Sweetgrass Golf Course named National Golf Course of the Year
When people think of great golf courses across the country, they immediately think of the California coast, the desert of Arizona and Las Vegas, or the plethora of layouts in Florida.
But Michigan’s Upper Peninsula? Not really.
So far, that is.
Selection is based on quality of the golf course, quality of owners and management, contributions to the local community and significant contributions to the game of golf.
“When we received the Michigan Golf Course of the Year award in October, we were very excited,” said Tony Mancilla, General Manager of Island Resort & Casino. “Michigan has a lot of great courses, so just winning our state was huge. Now winning the national award and recognition is the icing on the cake.
Sweetgrass is a par 72 layout with five sets of tees, ranging from 7,273 yards from the tips to just 5,075 yards from the front tees, making it playable for all skill levels.
Greens fees vary by season, with summer rates at $85 and much lower spring and fall rates. Like all courses in the area, Sweetgrass is closed in the winter.
The resort is located in Harris, approximately 21 km west of Ecanaba. Opened by the Indian community of Hannahville in 1981 as a bingo hall, it has grown over the years and now includes two golf courses.
Sweetgrass is the crown jewel, opened in 2008 and annually hosting the Championship Island Resort on the Visit Epson — the LPGA development circuit.
Its signature hole is the 15, a par 3, which features an island green.
But Sweetgrass officials know that this latest honor isn’t just about golf.
“I’ve been talking to owners of other courses recently about how big a deal this is because it’s not just about having a great golf course,” Mancilla said. “You need to do more things for the game and help promote golf, and we’re doing that on different levels.”
The Epson Tour event falls into this category, having been played every year since 2011 and raising around $100,000 each year for charity. The YMCA is the official charity of the event.
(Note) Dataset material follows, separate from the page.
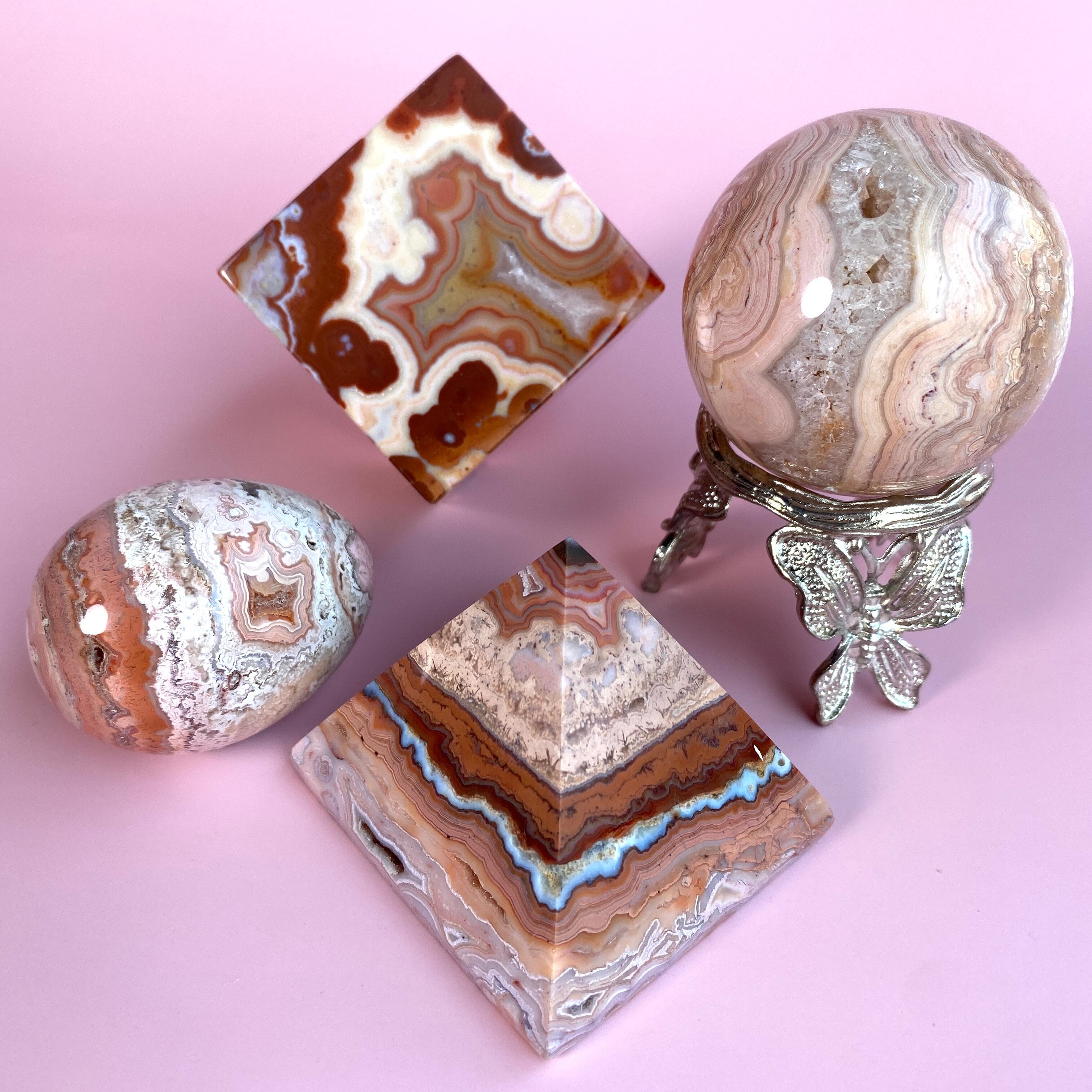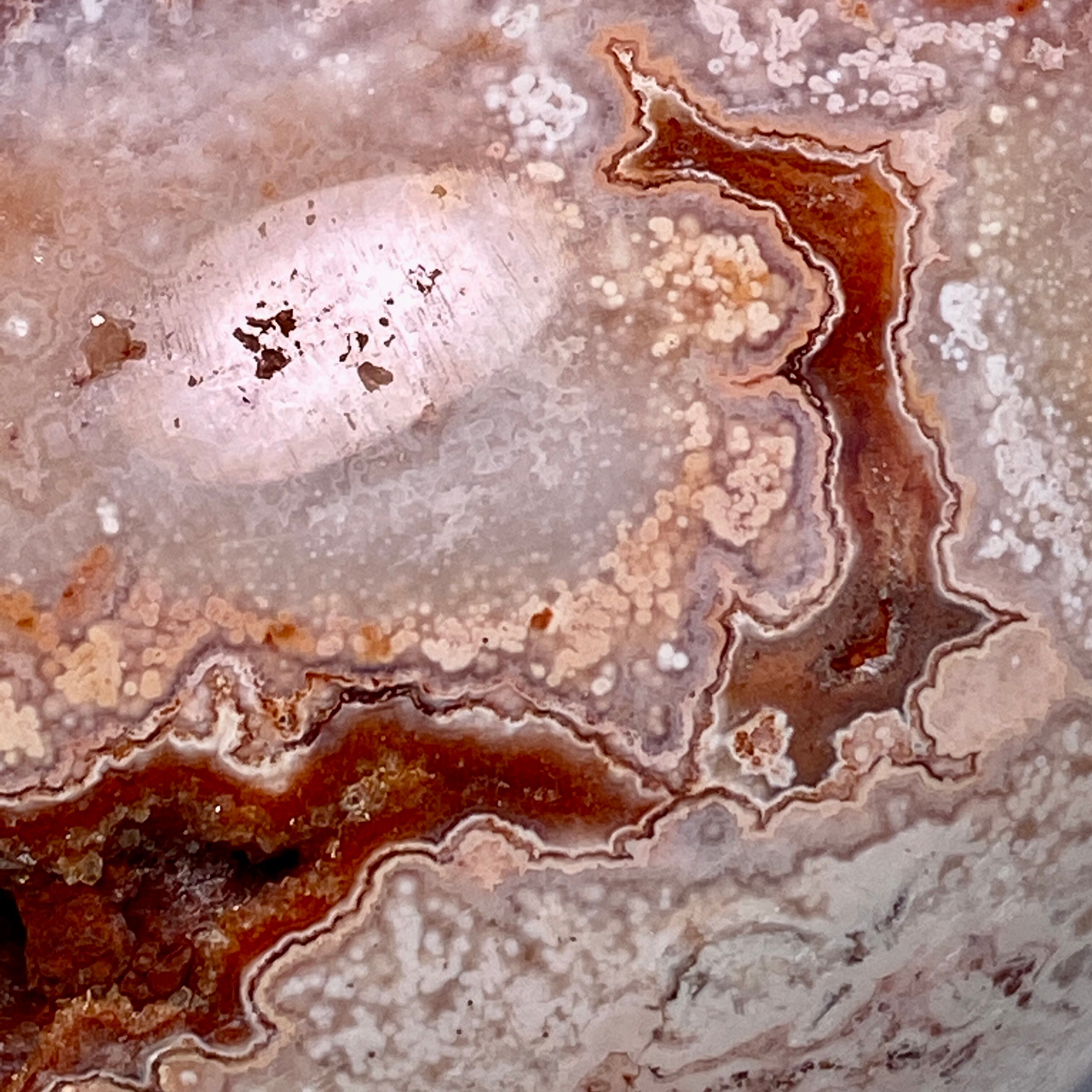 クレージーレースアゲートは、アゲート(瑪瑙)に属する石で、複雑に入り組んだ縞目模様が神秘的で人気が高く、その神秘的なビジュアルから古来より危険を回避する石として先住民族たちのお守りや儀式の道具として大切に崇められてきた神聖な石だと言われています。

Area nonprofits received more than $250,000 from tournament ticket sales.
“The event (Epson Tour) raises about $100,000 each year, or about a quarter of the YMCA’s total annual membership scholarship funding,” Mancilla said. “It gives underprivileged children from economically challenged families a chance to spend time at the YMCA.”
Morgane Metraux won the 2021 tournament in June, an effort that helped earn her promotion to the LPGA Tour this season.
Island Resort underwent a $30 million expansion, adding a second hotel tower with 138 rooms. In addition to golf, the resort offers spa suites, a water park, and fine dining on the top floor.